In a habeas corpus proceeding, the New York State Division of Parole and the Superintendent of the Queensboro Correctional Facility appeal from a judgment of the Supreme Court, Queens County (Chetta, J.), dated January 20, 1987, which sustained the writ and vacated a parole revocation warrant.
Ordered that the judgment is reversed, on the law, without costs or disbursements, the petition is dismissed, the parole violation warrant is reinstated, and that the matter is remitted to the New York State Division of Parole for further proceedings.

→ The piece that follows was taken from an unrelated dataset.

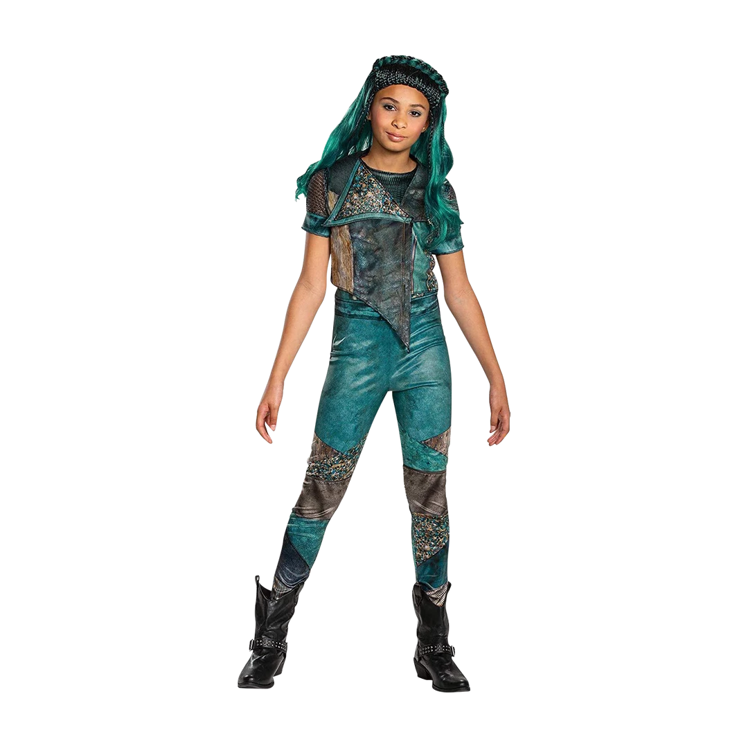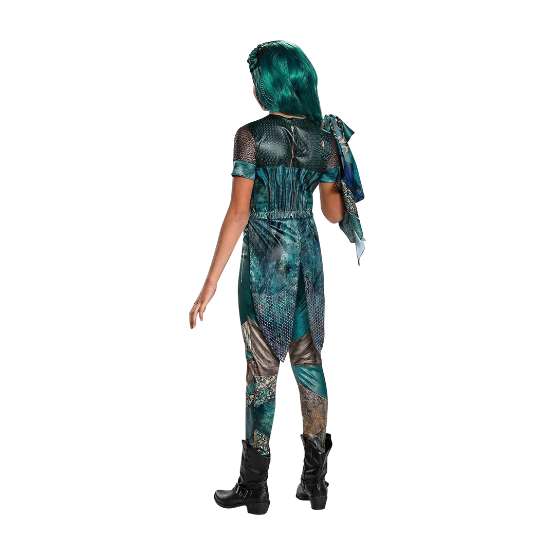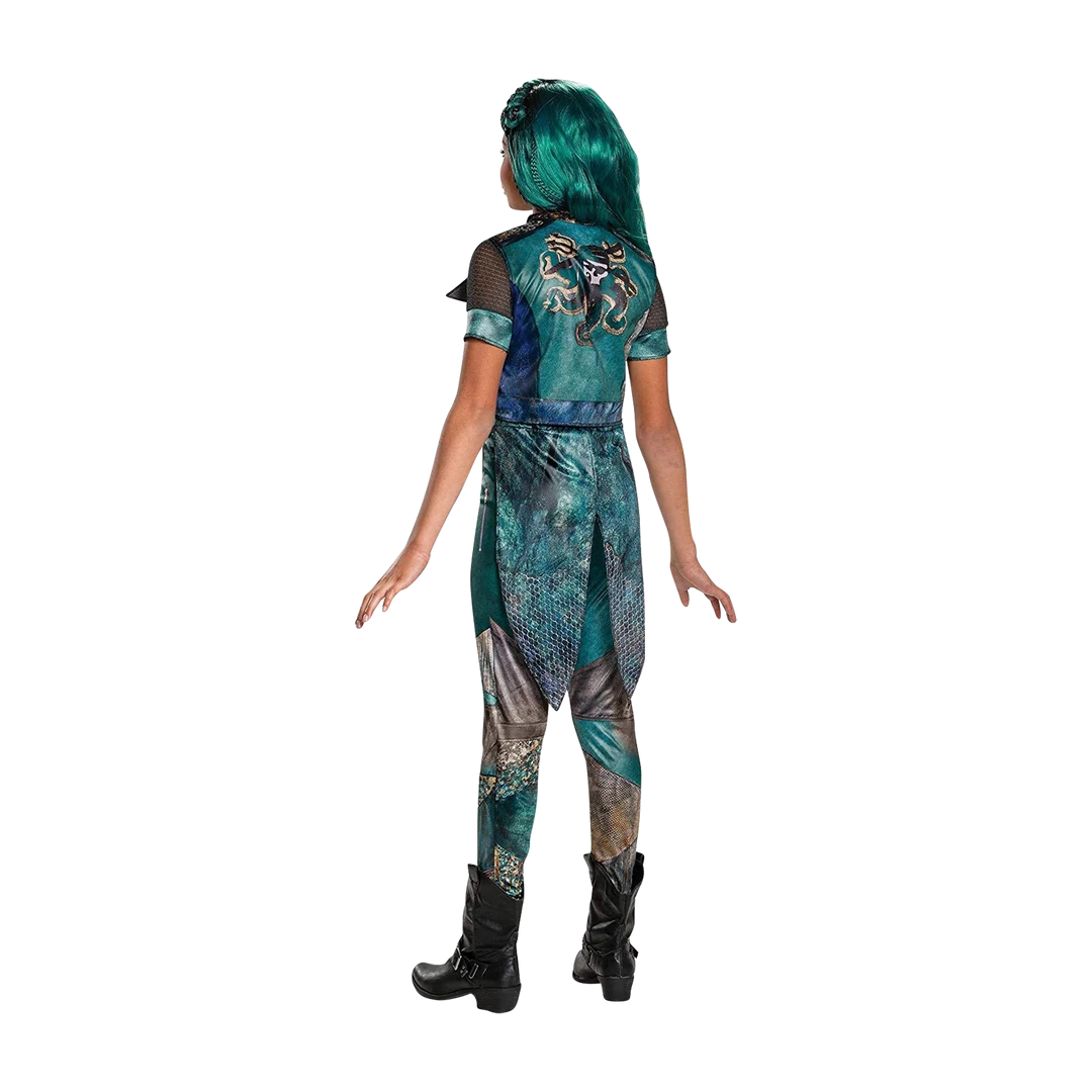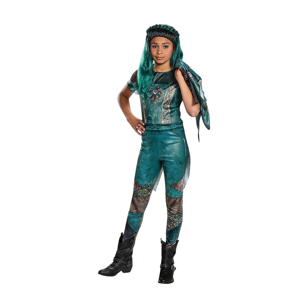 From the hit movie series Descendants comes this Descendants 3 Deluxe Costume for kids! Your fashionista can look like the most popular Disney character with the matching wig. Choose the character from the Descendants 3 kit to wear for Halloween, birthday parties, etc. Your youngster will enchant the crowd without even casting a spell when she’s dressed in this officially licensed Mal Costume for girls from Disney’s Descendants 3! Command the seas in this ocean-inspired Uma look. The jumpsuit is fully printed with a collar.

There is no requirement in Executive Law § 259-i (3) that a parole officer must prepare a violation of release report within 30 days after a parolee reports that he has been arrested on a new charge. The regulations promulgated pursuant to Executive Law § 259-c (4) similarly contain no such requirement (see, 9 NYCRR 8000.1 et seq.). The internal guidelines established by the New York State Division of Parole are not promulgated pursuant to an express grant of legislative authority (cf., Matter of Lehman v Board of Educ., 82 AD2d 832) and do not have the force of law. We therefore disapprove of the contrary holdings expressed in People ex rel. Vallejo v New York State Bd. of Parole (130 Misc 2d 488) and People ex rel. Thompson v Wilmot (124 Misc 2d 688).
The judgment under review should therefore be reversed, the petition for a writ of habeas corpus should be dismissed, and the matter should be remitted to the New York State Division of Parole for further parole revocation proceedings. Mangano, J. P., Lawrence, Spatt and Balletta, JJ., concur.